The world’s largest maker of vaccines is still short of critical supplies — the result of lagging manufacturing and raw material shortages. Those factors delayed the rollout in several states.

Only a fraction of India’s population likely can afford the prices charged by private hospitals for the shot. That means states and the federal government will be in charge of immunising 900 million Indian adults.

India’s case total stands at 19.57m according to the Johns Hopkins University tracker, with 215,542 deaths recorded. We should have Monday’s daily figures shortly.

Summary

Hello and welcome to today’s live coverage of the coronavirus pandemic with me, Helen Sullivan.
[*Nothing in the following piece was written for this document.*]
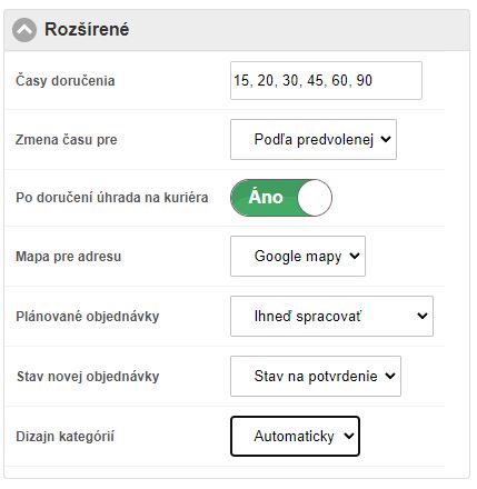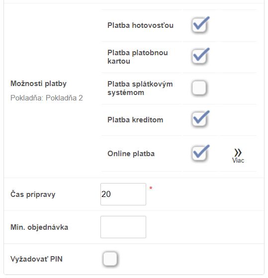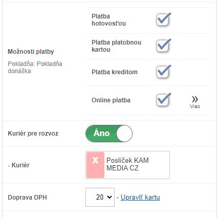 • Okrem základných nastavení ako Cena dopravy, Čas doručenia a Min. objednávka, je možné po kliknutí na Viac zobraziť ďalšie nastavenia.

As always, you can get in touch on Twitter @helenrsullivan.

As India nears 20m coronavirus cases, the country has opened vaccinations to all adults in hopes of taming a monstrous spike in infections.
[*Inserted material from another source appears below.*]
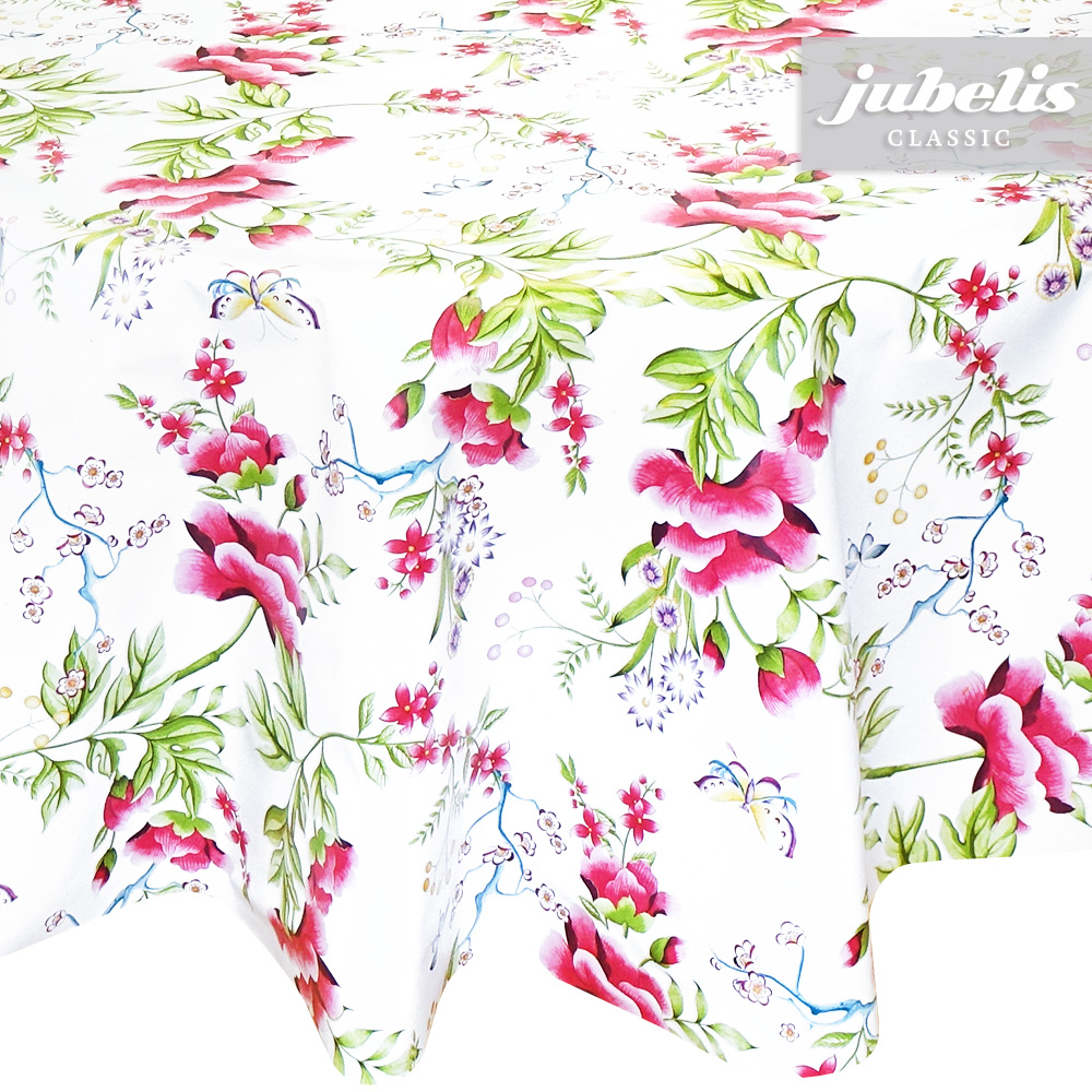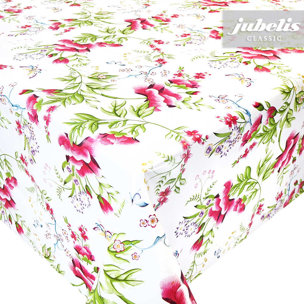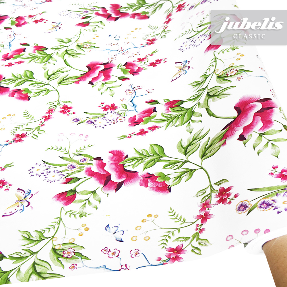 Mit dem Wachstuch Lillemor bekommen Sie ein opulentes Blumenmuster auf hellem Grund. Diese abwaschbare Tischdecke weiß dank ihres besonderen Musters zu begeistern und wertet den Wohnbereich durch ihre Verwendung ganz einfach auf. Das Wachstuch mit seinem weichen Vliesrücken und einer glatten Oberfläche schützt empfindliche Tischoberflächen und lässt sich durch feuchtes Abwischen einfach reinigen. Da die Oberfläche wasserabweisend ist, kann das Wachstuch sowohl im Innen- als auch im Außenbereich eingesetzt werden. Das Muster wird hier im Shop auch noch in anderen Farben angeboten. Profitieren auch Sie von diesem gleichermaßen ansprechenden und pflegeleichten Tischbelag aus Wachstuch. Dieser schöne Tischbelag ist hier als Tischdecke, Meterware oder ganze Rolle erhältlich. Direkt neben der Produktabbildung finden Sie das Auswahlmenü, in dem Sie Größe und Form wählen können. Benötigen Sie von diesem schönen und praktischen Wachstuch eine größere Anzahl, so bietet sich hier der Kauf einer ganzen Rolle an, die zusätzlich zu unserem günstigen Meterpreis abermals rabattiert ist.

The world’s largest maker of vaccines is still short of critical supplies — the result of lagging manufacturing and raw material shortages. Those factors delayed the rollout in several states.
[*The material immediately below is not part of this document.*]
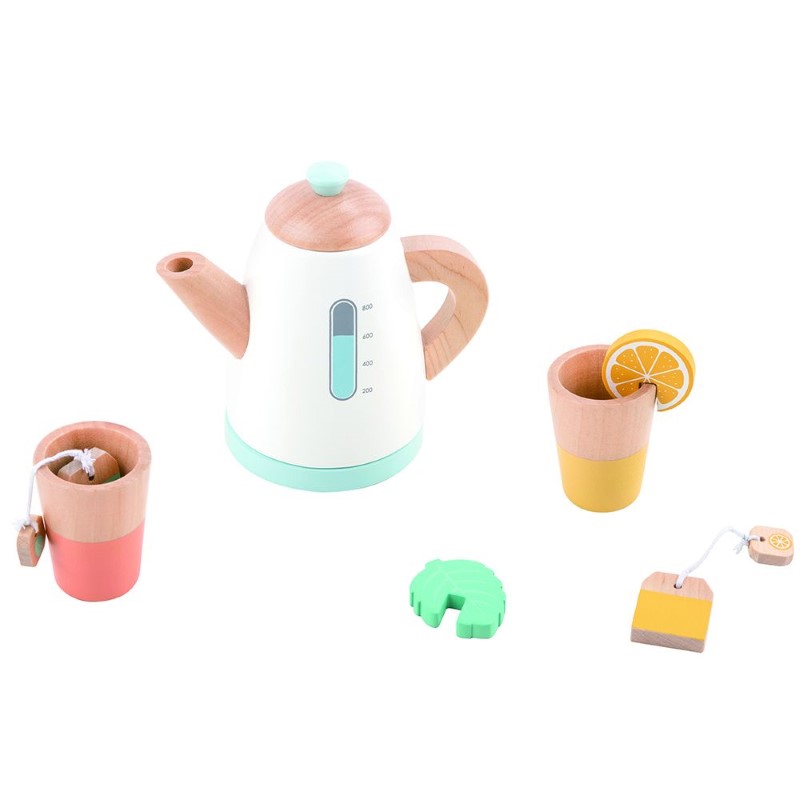 Този сервиз за чай е страхотно допълнение към принадлежностите за сервиране и готвене, кексчетата с подноси, храните за рязане и останалите продукти от тази серия. Комплектът насърчава творчеството и въображението на децата, изключително подходящ е за ролеви игри.

Here are the other key developments from the last few hours:

  • Britain will send another 1,000 ventilators to India, the government announced on Sunday, stepping up its support as India’s healthcare system struggles to cope with the surge of positive Covid-19 cases.
  • Saudi Arabia to open land, sea, and air borders as of 17 May, the interior minister announces on Twitter.
  • Oman to ban the movement of people and vehicles from 7 pm to 4 am from May 8 to May 15, the state news agency said.
  • South Africa to get the first delivery of its 4.5 million Pfizer coronavirus vaccines as the country begins to increase its vaccination efforts.
  • The English city of Liverpool hosted a one-off music festival to test whether significant events spread Covid-19. Nearly 5,000 people took off their masks and ditched social distancing rules in the name of science and music.
  • A maximum of 1,000 fans will be allowed on-court at Roland Garros this year, with capacity capped at 35%.
  • India recorded a number of deaths on Sunday. New coronavirus cases fell slightly on Sunday but deaths due to the infection jumped by a record 3,689, with one more state going into lockdown as the nation’s healthcare system struggles to cope with a massive caseload.
  • Secondary school pupils in England will be offered Covid-19 vaccinations from September under plans being developed by the NHS, according to The Sunday Times. It reports that “core planning scenario” documents compiled by NHS officials include the offer of a single dose of the Pfizer jab to children aged 12 and over when the new school year starts.
  • A major new pilot scheme could see the end of people in England having to self-isolate if they have been in contact with someone who has Covid. The government-backed research will trial giving people daily lateral flow tests for seven days instead of asking people quarantine for 10 days.
  • Foreign Secretary Dominic Raab has urged the British public to keep their resolve for the “last lap” of the fight against coronavirus, saying there is only “a little bit more time” until all legal restrictions on social interaction are removed.
  • Campaigners call for urgent action to prevent oxygen shortage in Covid-hit countries. They warn that scenes in India of families desperately searching for oxygen for critically ill Covid patients will be repeated in Bangladesh, Ethiopia and other countries in Africa and around the world unless a significant international effort is made to ensure all countries have good oxygen supplies.
  • A total of 41,730,517 Covid-19 vaccinations took place in England between December 8 and May 1, according to NHS England data, including first and second doses, which is a rise of 452,789 on the previous day.